The drone’s kinematic state is estimated based on the measured velocity using a Kalman filter, which adopts a nearly constant acceleration (NCA) model [31]. The state of the Kalman filter is augmented to simultaneously estimate the drone’s state and bias in velocity [32]. Since the computational complexity of frame matching is high, the augmented-state Kalman filter with a zero-order hold scheme [33] is adopted for faster processing. The zero-order hold Kalman filter reuses the measurement until new measurements are available.

Figure 1 shows a block diagram of the proposed method. First, the drone’s velocity is measured by image-to-position conversion and frame-to-frame template matching using optimal windows. The instantaneous velocity calculated by the frame-to-frame template matching is input to the Kalman filter as the measurement value. Next, the drone’s state and bias in the velocity are estimated through the augmented Kalman filter.

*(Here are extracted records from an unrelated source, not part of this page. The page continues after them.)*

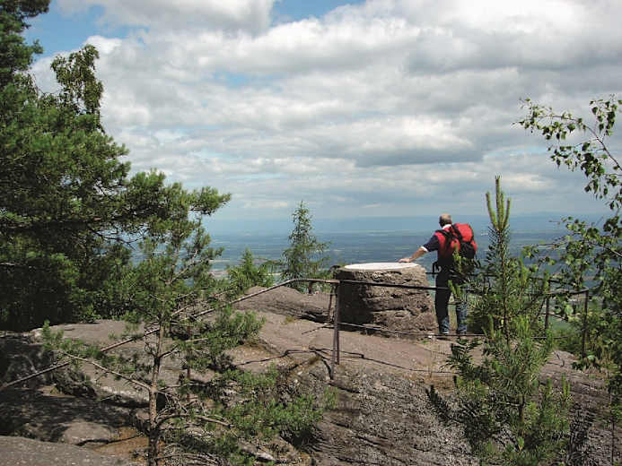 Wanderung entlang der Felsen, Burgen und Aussichtskanzeln am Heidenmauer-Rundweg im Elsass in Frankreich: Wurzel- und Felspfade folgen der jahrtausendealten Heidenmauer an der Abbruchkante des Odilienbergs mit hervorragenden Ausblicken auf die Vogesen, das Elsass, den Schwarzwald und bei klarer Sicht bis zu den Alpen.
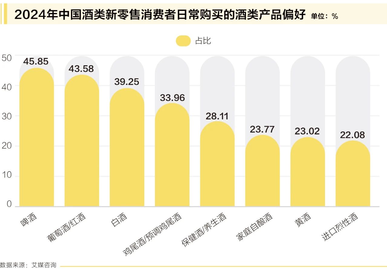 目前,酒類消費(fèi)市場(chǎng)呈現(xiàn)出顯著的多元化特征,各類酒類產(chǎn)品均擁有較為穩(wěn)定的消費(fèi)群體。數(shù)據(jù)顯示,在酒類產(chǎn)品消費(fèi)偏好上,啤酒以45.85%的占比位居首位,緊隨其后的是葡萄酒/紅酒和白酒,分別獲得了43.58%和39.25%消費(fèi)者的青睞。另外,雞尾酒/預(yù)調(diào)雞尾酒(33.96%)、保健酒/養(yǎng)生酒(28.11%)、家庭自釀酒(23.77%)、黃酒(23.02%)以及進(jìn)口烈性酒(22.08%),也展現(xiàn)出一定的市場(chǎng)吸引力。
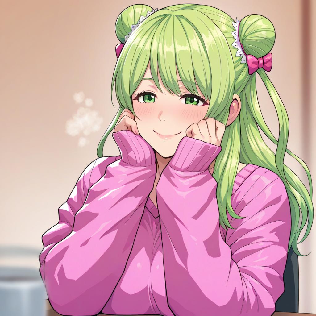Digital illustration of a virtual YouTuber character with long green hair styled in double buns, adorned with pink hair accessories and dark bows. The character has striking green eyes and a soft expression, wearing a pink long-sleeve garment with sleeves extending past the wrists, seated indoors near a window light source. The artwork is created in a detailed anime style.
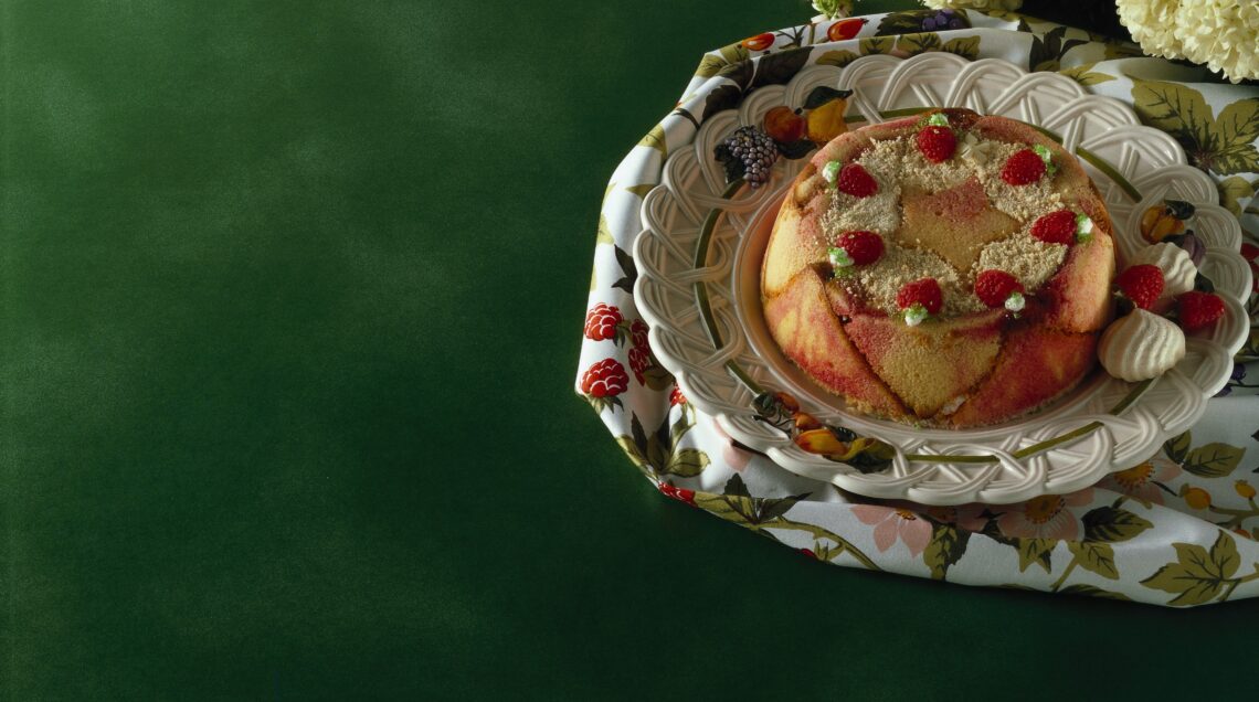 1) In una terrina monta 7 tuorli e 80 grammi di zucchero con l’aiuto della frusta elettrica. Il composto deve diventare gonfio e spumoso. Monta a neve gli albumi con 50 grammi di zucchero e incorporali ai tuorli, poi aggiungi fecola e farina setacciate. Trasferisci l’impasto della charlotte ai lamponi in una teglia di dimensioni 40x50 foderata di carta da forno, e cuocilo in forno preriscaldato a 220° per 6-8 minuti.
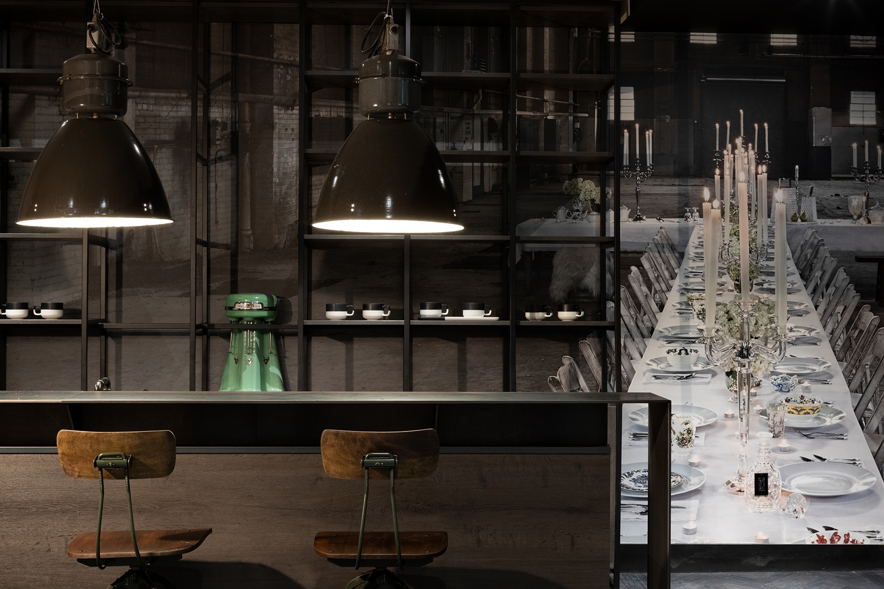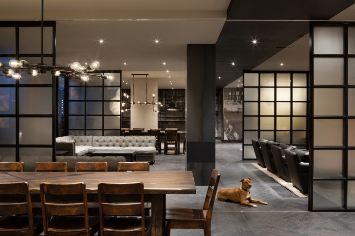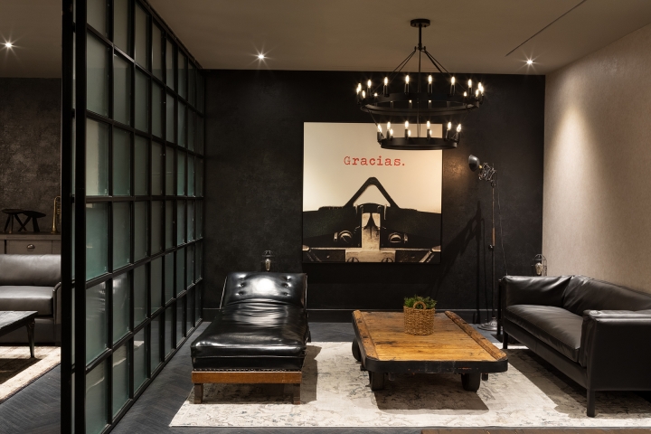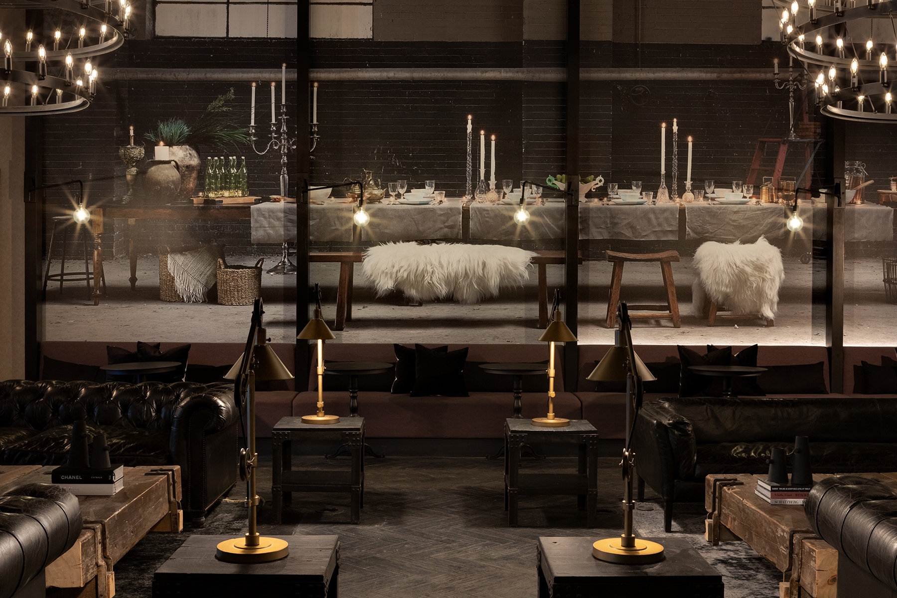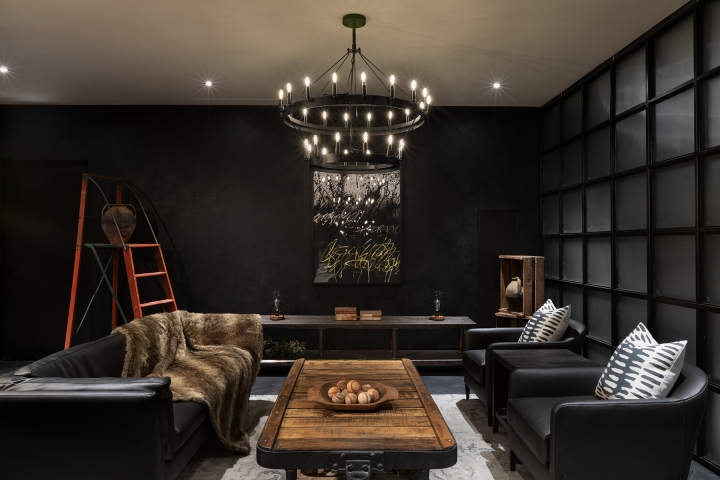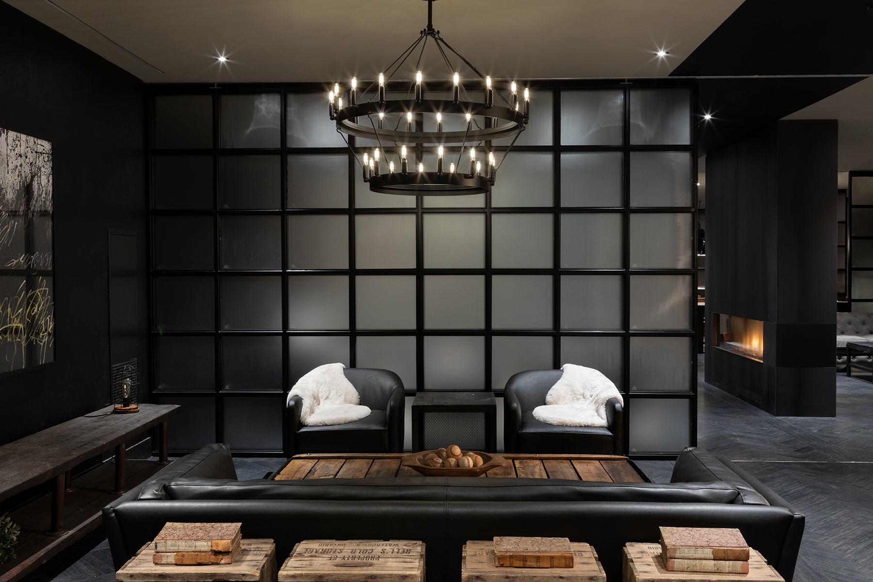 The final design incorporates weathered wood and exposed brick, paired with black metal accents and large-format photography that highlights the history of the space. The combination of raw and natural textures, alongside a muted sepia palette, is used throughout the shared areas, creating a seamless transition from one space to the next. Most of the materials – from barn wood to raw steel – have been refurbished and reimagined by local artisans, adding a sustainability element to the design while creating a unique aesthetic all its own.
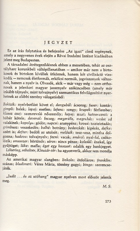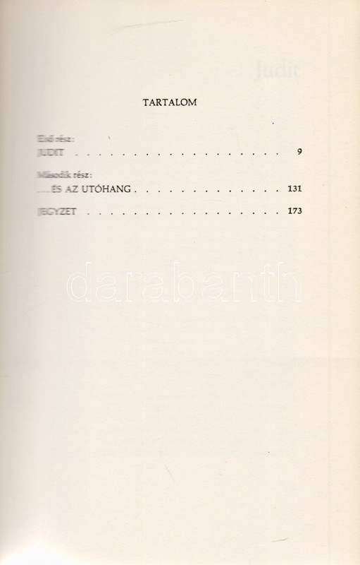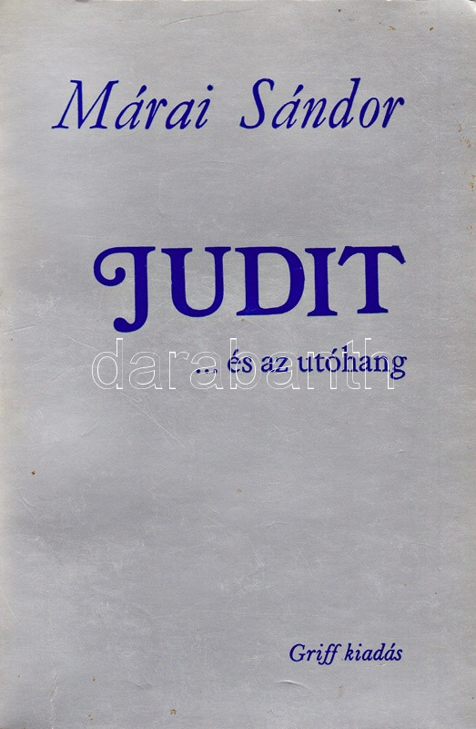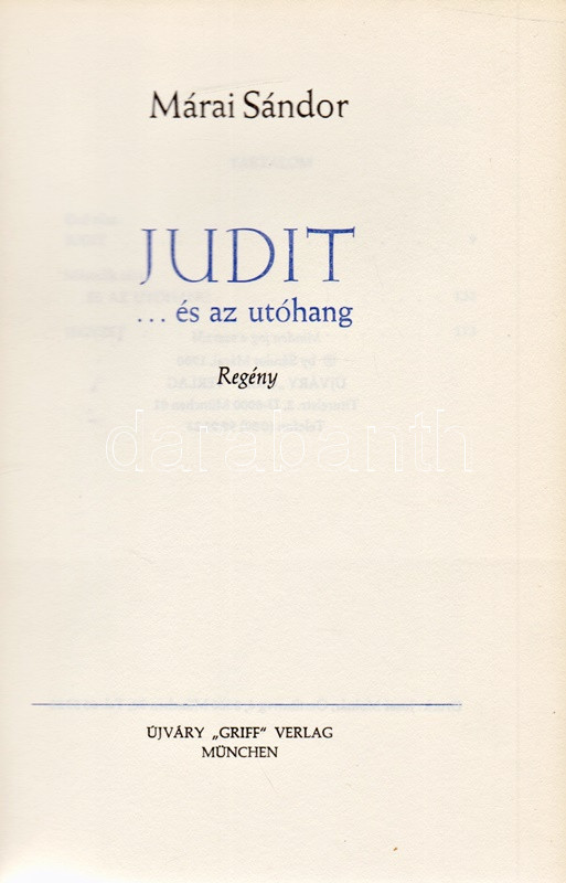 Márai Sándor: Judit... és az utóhang. Regény. (Első kiadás.) München, (1980). Újváry ,,Griff" Verlag (Druck: Josef Molnár). 173 + [3] p. Első kiadás. Márai Sándor Judit... és az utóhang című kötetének két kisregénye az 1941-ben ,,Az igazi..." címmel megjelent Márai-regény cselekményét folytatja. Kötetünk első kisregénye (Judit címmel) nyomtatásban először az Uj Idők folyóirat 1941. évi lapszámaiban jelent meg, a második kisregény kötetünkben jelenik meg először. A tiltott szerző művéről való első hazai recenzió, Rónay László tanulmánya a kis példányszámú katolikus periodika, a Vigilia 1983 januári számában látott napvilágot, ám a kötet első hazai megjelenésére 1992-ig kellett várni. Néhány oldalon apró, halvány foltosság. Mészáros 149. Fűzve, kiadói borítóban. Jó példány.
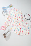 White Wine Glass Print Ribbon Bow Decor Plus Size Pajama Set

In the experiment, a mini drone weighing less than 250 g [34] flies along two approximately 150 m long roads and captures video at 30 frame per second (FPS). One road is an urban environment, and the other is a suburban environment. The drone starts from a stationary hovering position, accelerates to maximum speed, and continues to fly at a nearly constant speed at an altitude of 40 m and a camera tilt angle of 60 degrees. The frame size is 3840x2160 pixels, and the AFOV of the camera is assumed to be 64 and 40 degrees in horizontal and vertical directions, respectively. Ten flights were repeated on each road under various traffic conditions. For faster processing, four additional frame matching speeds (10, 3, 1, 0.5 FPS) were tested using the zero-order hold Kalman filter. The proposed method is shown to achieve the average flight distance errors of 3.57-3.52 m and 1.97-2.39 m for Roads 1 and 2, respectively.

The contributions of this study are as follows: (1) Multiple template selection using optimal windows is proposed. The optimal windows are determined only by the image size, the camera’s AFOV, elevation, and tilt angle. Therefore, the template selection process is independent of the scene or object. (2) The augmented-state Kalman filter is designed to improve the accuracy of the drone’s state. The drone’s flight distance is estimated with high accuracy, resulting in low-meter-level average errors, (3) Real-time processing is possible with the zero-order hold Kalman filter. This method maintains similar error levels even when the frame matching speed is reduced to 0.5 FPS.

The rest of the paper is organized as follows: the real-world conversion and frame-to-frame template matching with optimal windows are described in Section 2. Section 3 explains drone state estimation with the augmented state Kalman filter. Section 4 presents experimental results. Discussion and conclusions follow in Section 5 and Section 6, respectively.

2. Vision-Based Drone Velocity Computation

This section describes how the instantaneous velocity is measured by a combination of image to position conversion and frame to frame template matching based on optimal windows.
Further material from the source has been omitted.